Saturday, 21 March 2015

Time Pressure

A buddy of mine was sharing some cool ideas for a new game when we got to talking about Time Pressure. "Blog post!” I thought!

Time Pressure in Games

If you think of classic games, like Chess, or Tennis, you'll find that most classic games have some sort of time pressure mechanic. A skilled player can apply this pressure to increase the number of “unforced errors” of their opponent.

A great example of time pressure in Ice Hockey is the “Power Play”. When a player commits a penalty, they're sent to the penalty box, giving a 5-4 player advantage on the ice to the other team. As the penalty timer ticks down to zero, the attacking team is under increasing pressure to score a goal and take advantage of the situation.

For a hockey fan, watching at home on TV, the “Power Play” also increases pressure. Either there will be a goal, or the attacking team will make a mistake and squander the opportunity. In either case, the pressure is on the spectator to keenly observe and interpret the action before the penalty clock runs down to zero.

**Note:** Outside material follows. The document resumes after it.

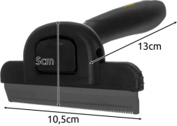 Ostre ząbki ze stali nierdzewnej skutecznie usuwają nadmiar podszerstka bez uszkadzania wierzchniej warstwy sierści.

In the casual games, “Dumb Ways To Die” and “WarioWare”, the player must complete amusing tasks, but under tighter and tighter time constraints. At least in the early stages of play, the player actions would be easy to do, if not for the added pressure that comes from the timer.

Curiously, in these types of games, as the player skill increases, the gameplay shifts and becomes more reaction and twitch based. When played at this level, the time pressure is almost completely removed. It's similar to the way the rich, multi layered time pressures in a game like Tennis are largely absent from Ping Pong, which is essentially the twitch-based version of the same game.

My mobile game, ScooterBoy, is a mashup between two popular genres, the endless runner and slicing games. The twist is that when the player slices a spore to get points and combos, the same action also causes ScooterBoy to jump/duck/change lanes. In essence, you're playing two different games simultaneously. For skilled ScooterBoy players, the endless runner determines the length of time for each game, while it's your ability to make combos in the slicing game which most affect your score. In this way, in ScooterBoy, the endless runner acts to apply time pressure on the slicing game.

Time Pressure == A Complication

The common theme across all of these games is that time pressure adds a complication to an already fun activity.

As a game designer, we can turn this observation inside out. If we know that adding time pressure is equivalent to adding a complication, then we are obliged to verify that our game design is still fun, even when the time pressure is removed.

Indeed, if we're following the (so called) “Rational Game Design” principles, we should be able to strip our game down to it's core, removing all the complications... Then we add the complications back in, one at a time and in combinations, in order to maximise player enjoyment.

Under this framework, Time Pressure is just one of many different types of complications we could add, and this means (in general) we can assume a priori, that we could add and remove Time Pressure at any time to our game design, without affecting the strength of the design itself.

Phrased another way, Time Pressure acts as a multiplier to increases the intensity of your underlying experience.

Time Pressure and Difficulty

Lets drill down to the first few moments of your game. First impressions. In free-to-play, these first few minutes of gameplay is where you make or lose your players.

For players familiar with your genre, the time pressure does nothing. They zip through the first few levels with perfect scores, and your effort implementing and balancing the time pressure mechanic has contributed nothing.

For less skilled players, those unfamiliar with your genre, the time pressure adds confusion and failure, additional UI, and worst of all, the pressure increases unforced errors and perceived difficulty. All your hard work to implement time pressure serves to drive off more casual players.

A time-pressure mechanic (generally) makes things *harder* for weaker players, and leaves stronger players unchanged.

This is the exact opposite of how difficulty scaling is supposed to work.

You can compound this disaster by awarding the player a power-up for completing a level in a short amount of time. Here you are explicitly making the game easier for your most skilled players.

Sandbox games with broad market appeal, I'm thinking games like “Disney Infinity” and “Grand Theft Auto” here, commonly avoid these traps by making time pressure optional. There are timed challenges on the map which the player can initiate, but the player isn't required to complete them to advance the player's personal narrative.

Time Pressure as Exotic gameplay

So how do us Indies make time pressure fresh and original? We can take inspiration from some recent games which use the passage of time to completely subvert conventional notions of gameplay.

At first glance, “Braid” appears to be a platformer, but it's actually a puzzle game that explores all manner of time based mechanics.

I won't spoil it for you, but “Five Nights At Freddies” has some amazing time-pressure mechanics where the player has extremely minimal interaction with the game.

I'm sure there's lots more examples you can share with us in the comments below.

Time Pressure, it's been done! Time to do something different.